Situation
Building an AI assistant for personal finance requires absolute precision. If an LLM miscalculates a user’s savings rate or formats its response improperly, the application crashes or displays dangerous misinformation.
In this scenario, the AI needed to act as an “Expert Personal Financial Advisor,” categorizing bulk transactions and providing strategic insights without hallucinating numbers.
The Problem with LLM Math
Large Language Models generate text based on probabilities; they do not inherently “calculate” math. If you give an LLM a list of 50 transactions and ask it for the total spend, it will likely guess a number that looks plausible but is entirely wrong.
1. The Pre-Computed Hint Pattern
To solve the math hallucination issue, the architecture was flipped.
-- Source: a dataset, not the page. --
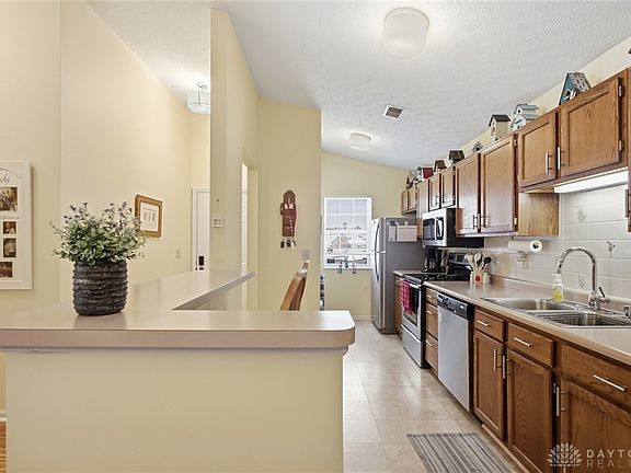 Vaulted ceilingSunny patioOpen-concept layoutCozy fireplacePantry closet

The LLM is never asked to do math.
Instead, the client application (or a deterministic backend script) calculates the exact financial metrics—such as “Spending Velocity”, “Total Income”, and “Savings Rate”—before the AI is called.
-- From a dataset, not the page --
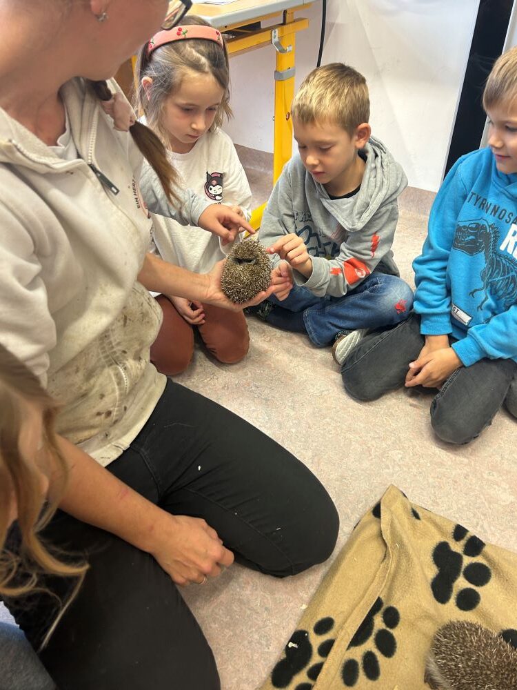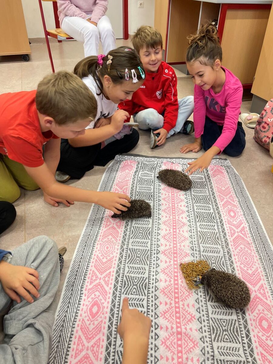 Heute war ein ganz besonderer Tag für alle SchülerInnen und LehrerInnen unserer Schule. Carina, von der Wildtierhilfe Steinabrückl, besuchte uns mit mehreren Igeln, die bei ihr – viel zu klein und schwach für den bevorstehenden Winterschlaf – aufgenommen wurden. Die kleinen „Stachelrücken“ werden nun aufgepäppelt und gut umsorgt, sodass sie hoffentlich im Dezember fit für einen etwas verspäteten Winterschlaf sein werden.

These exact numbers are injected into the system prompt as computed_hints.
// Example of injected computed hints
let computedHintsContext = "";
if (data.computed_hints) {
computedHintsContext = `
FACTS YOU MUST USE:
- User has spent $1,200 out of $2,000 budget.
- Savings rate is exactly 15%.
`;
}
The LLM is instructed to use these exact figures to generate its narrative, completely eliminating mathematical errors.
2. Enforcing Strict JSON Outputs
To ensure the client application can parse the AI’s response, the prompt engineering must be ruthless.
- JSON Structure Definition: The exact expected JSON schema is baked directly into the system prompt.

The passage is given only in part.